To offer a slightly different perspective, I have anxiety that really intensified when I was 6. For me it was always there but became severe with a big change (my family moved to a new city so everything was different overnight).
Many of the things mentioned were helpful and still tools I use today.
1- Structured schedule. I liked a color coded one that had colors for family time, friend time, school/homework time, dance time, me time, etc. I got to decide what I wanted on the schedule so I had control but then I had a guideline and knew what to expect each day without someone telling me (which to this day sets my heart racing).
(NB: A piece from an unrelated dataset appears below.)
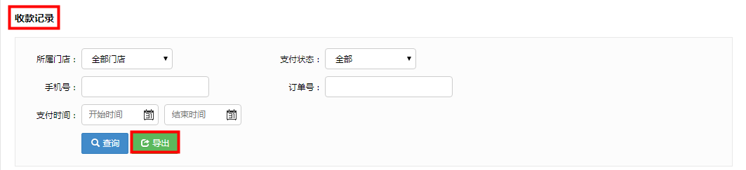 門店收款碼記錄增加導(dǎo)出功能,可根據(jù)不同的查詢條件導(dǎo)出當(dāng)前查詢的內(nèi)容。

2- Meditation. I would go through a self hypnosis relaxation where I would take deep breaths and relax each body part from head to toe. This took a lot of practice time when I wasn’t anxious before I could do it with anxiety, but by the time I was 12 I could easily tell when I was starting into anxiety and I could to a quick 10 min relax so I could think clearly and make decisions without pressure. I think the best trick was when my mom started teaching it to me she never mentioned it was going to help with my attacks (if she did I would have felt too much pressure and resisted). She simply learned herself and then when I was having a great day and seemed open she offered it as a game for all the kids to participate in.
3. Water. This was just my thing, and she’ll have her own thing. Taking a shower always helped me re-set. This is still my go to method when I start to get over stressed. It makes me feel like I am washing whatever the problem is away and I get to start the day over.
With these tools I collected early on I have never had to take anti-anxiety drugs.
Good luck with everything!
I just stumbled onto your website by accident, but this post caught my attention. My (now 28yo) son has had anxiety since he was about 5 or 6. I think you are definitely on the right track and all the advice here seems good. Camylle’s response iseems most helpful at this point and I’d stress the meditation as she learned it. My son did not have this, though I did help him, with my being calm and a calming influence (according to him), until his late teen years. Finishing school and having to face life and major decisions was very stressful for him. He has learned meditation of sorts in the past few years and the improvement is immense, so it would be great for your little girl learn it early and avoid compounding stress and/or a necessity for anti-anxiety drugs. My son does the showers, too.
your the BOMB dot COM. your the bestest mom on earth. you will do what’s best for her! maybe going to costa rica will cure it. i hear the ocean air does a body good!